Operation Rolling Thunder: Government Theft Runs Rampant
By AAF | Aug 14, 2024
After a 21-month fight with the state of South Carolina, the Institute for Justice had the courts turn over the documents related to “Operation Rolling Thunder,” a multi-agency operation focused on property seizures around Spartanburg County. Throughout the operation, 900 vehicles were stopped, and 144 were searched, almost a third of which were public buses.
While there were some arrests made, and some drugs seized, seventy-two percent of vehicles targeted had done nothing wrong, yet any time police found money, they treated it as illegal contraband. Not only seizing the cash but pressuring owners to sign paperwork to relinquish their ownership.

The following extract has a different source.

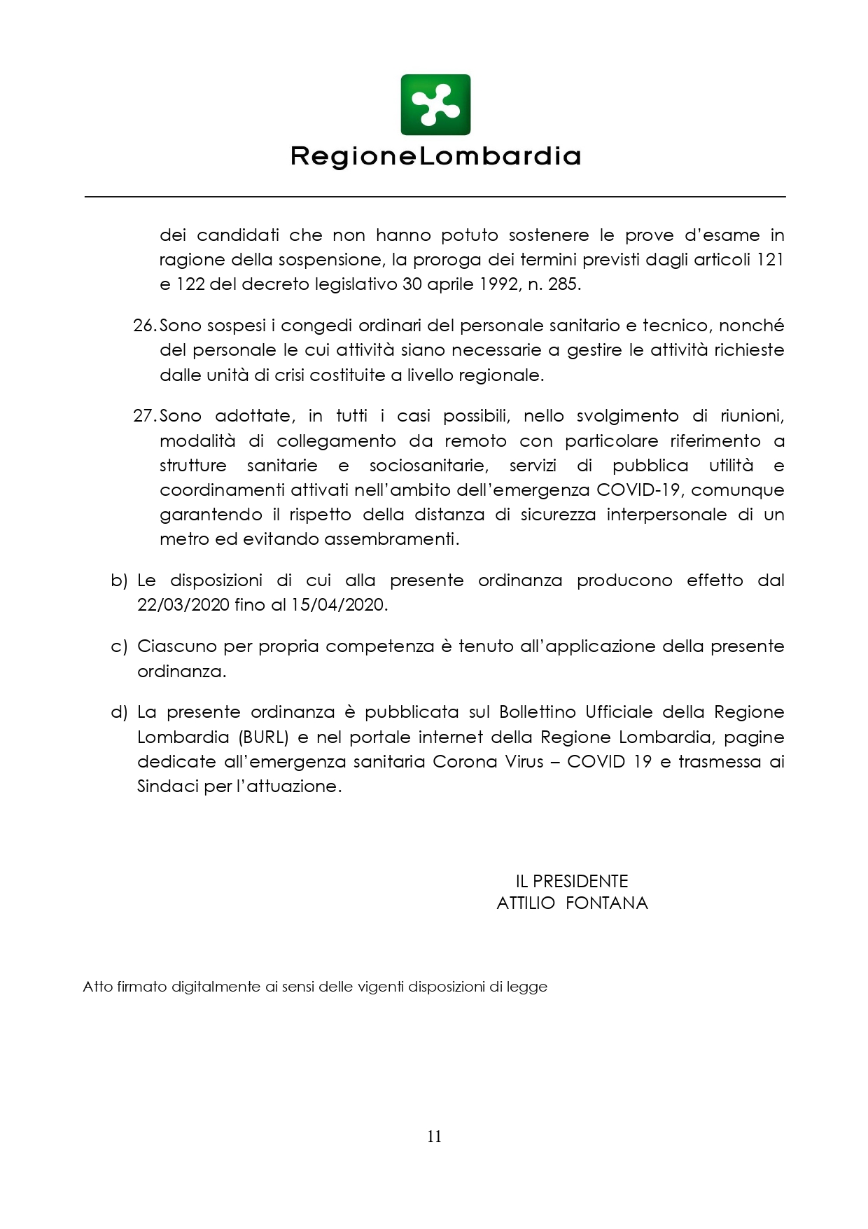 Lo comunica il presidente, Attilio Fontana, dopo il confronto avuto oggi in videoconferenza con i sindaci dei capoluoghi della Lombardia, il presidente dell’Anci Lombardia e dell’UPL e i rappresentanti del Tavolo del Patto per lo Sviluppo. L’ordinanza entra in vigore domenica 22 marzo e produce effetto – salvo diverse disposizioni legate all’evoluzione della situazione epidemiologica – fino al 15 aprile.

Throughout this whole ordeal, police never documented interactions with law-abiding citizens they pulled over, nor did they give any justification for pulling them over. Of the 144 searches, 102 have no documentation at all, hiding the actions of the police from public scrutiny.
Despite attempts from the Institute for Justice and other watchdog groups, the vast majority of interactions are undocumented, unrecorded, and lack the transparency required by most police agencies.
Instead, all we have is the indication that 900 drivers were harassed only to get 32 arrests. Over one hundred vehicles were stopped and searched, and the owners were detained for hours, in some cases, to face no charges. The police budget was inflated by nearly a million dollars as a result of this intimidation campaign.
These practices aren’t limited to South Carolina. In fact, police all over the country engage in various forms of civil forfeiture. American Action Fund is committed to reigning in this practice that doesn’t require conviction and is apt for corrupt and unconstitutional takings.
On that note, we are happy to support half a dozen Hazlitt Coalition members in New Hampshire who just this past year signed onto Senate Bill 356, which would require the automatic return of seized property after charges are dismissed or a suspect is found not guilty. Such a bill is an excellent first step to reforming the egregious acts, like in Operation Rolling Thunder.